Sadly the fellow who saved this crane by buying it in 2011, David Lewis, passed away last year, which is why the crane was advertised for sale once again. The good news is that it has been purchased by the Lancashire Mining Museum located at Astley Green, Manchester, with the help of a grant of £11,020 from the Hamilton Davis Trust. The crane was moved from Crewe on the 18th December 2019 to its new home.

At this time we do not know whether there is an aspiration to return the crane to working order, but it actually doesn't appear superficially to be in bad condition when moved, and restoration to working order is probably possible, albeit expensive.
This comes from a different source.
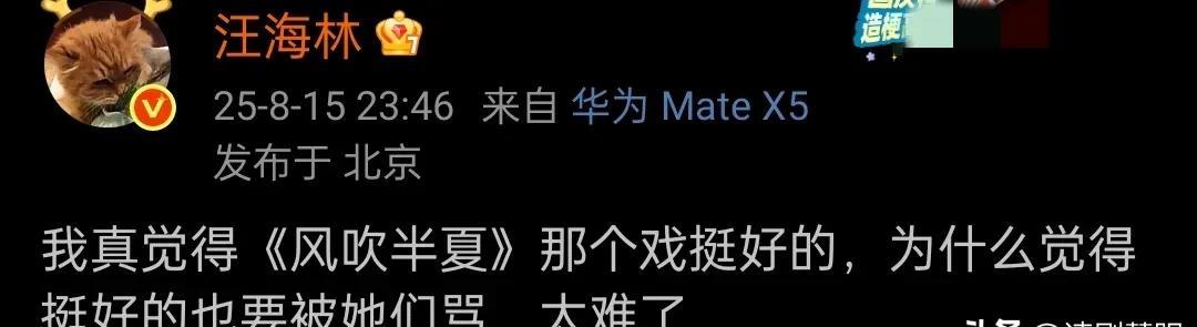 编剧汪海林做梦都想不到,夸赞杨幂的《生万物》,竟然惹了一身麻烦。 看了几集《生万物》,汪海林发文对其大加赞美,对各位演员也给予肯定,没想到因为提了一句《花开半夏》,评论区炸锅了。 很多网友不满汪海林在夸赞《生万物》时提《风吹半夏》,觉得他这样是在蹭流量。 尽管汪海林一再解释没有说《风吹半夏》不好,但有些网友就是不买账,这让他觉得非常委屈。 个人觉得,有位网友的评论直击要害,道出了问题所在。 那就是如果他分开夸两部剧,那两家粉丝都会很开心。

The BDCA hopes in due course to make contact with the Lancashire Mining Museum and find out more about the future intended for this remarkable survivor.
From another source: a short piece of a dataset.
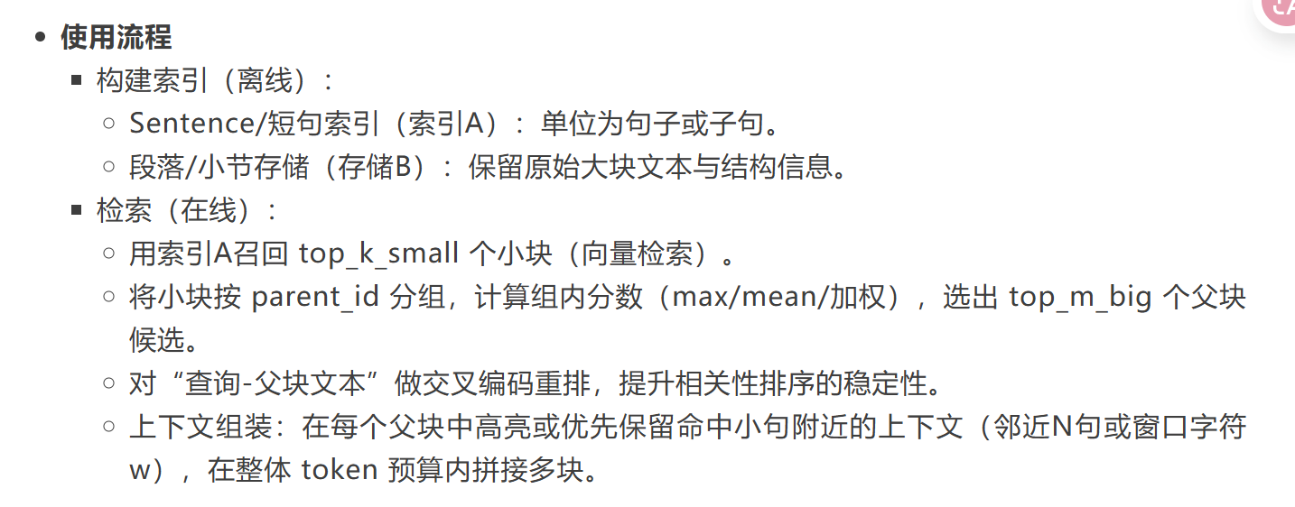 简单来说就是见微知著、以小见大,先用“小粒度块”(如句子/短句)做高精度召回,然后定位到最相关的微片段,然后再将其“所在的大粒度块”(如段落/小节)作为上下文送入 LLM,以兼顾精确性与上下文完整性。

There is a 12-minute video of the crane leaving Crewe at https://www.youtube.com/watch?v=bBjpKKk ... e=youtu.be which is well worth a watch, and if nothing else provides a very graphic illustration of the benefits of independent rear-wheel-steering on a long trailer, and a good example of extremely skilled driving. I was also pleased to see that the move was contracted to Reid Freight, since those who followed the saga of this crane before will probably remember that David Reid was the person who played the most significant role in ensuring its survival last time. If you do watch the video, look out for the Tesco sign at around the 9:00 minute mark, under the present circumstances it is somewhat topical! The video does wrongly date the crane to 1903, it is actually 1908 of course.

The Lancashire Mining Museum has a website here:- https://lancashireminingmuseum.org/

The Hamilton Davis Trust (about which I know nothing except that I admire the trustees' good taste in approving worthy projects for grants) has mention of the grant for the crane on its website here:- https://hamiltondavies.org.uk/grant_years/2019-20/

This crane must have used up almost nine lives by now, let us hope that a period of stability and conservation, if not restoration, will now follow.